The quality of certain plants is considered to be a key factor affecting the food habitat or migration of some herbivorous species, and, thus, to estimate the spatial and temporal variation of plant quality is crucial for understanding the grazing and migrating behaviours of these herbivores. This study aimed to explore the possibilities of estimating plant protein and phosphorus contents, with the laboratory-based hyperspectral measurements of fresh Carex leaves, which are the main food source of many wintering bird species in Poyang Lake, China. Fifty-four Carex leaf samples were collected, and their hyperspectral reflectance (at 350–2500 nm) and crude protein and phosphorus contents were measured in the laboratory.

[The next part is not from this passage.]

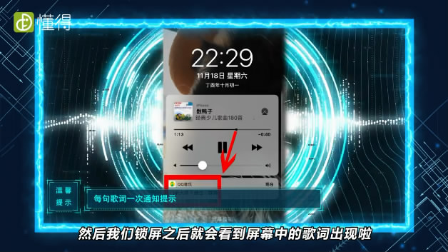 然后我们锁屏之后就会看到屏幕中的歌词出现啦。

The successive projections algorithm (SPA) was applied for spectral dimension reduction, and a multiple linear regression model was calibrated to estimate the crude protein and phosphorus contents from the wavelengths selected with the SPA. The model validation results showed that the root mean square errors (RMSEs) of estimation were 2.51% for crude protein and 0.06% for phosphorus. Compared with a multiple linear model with randomly selected inputs and full-spectrum partial least-square regression (PLSR), the multiple linear regression model combined with the SPA method exhibited a significant advantage in terms of accuracy in estimating the crude protein and phosphorus contents of Carex leaves.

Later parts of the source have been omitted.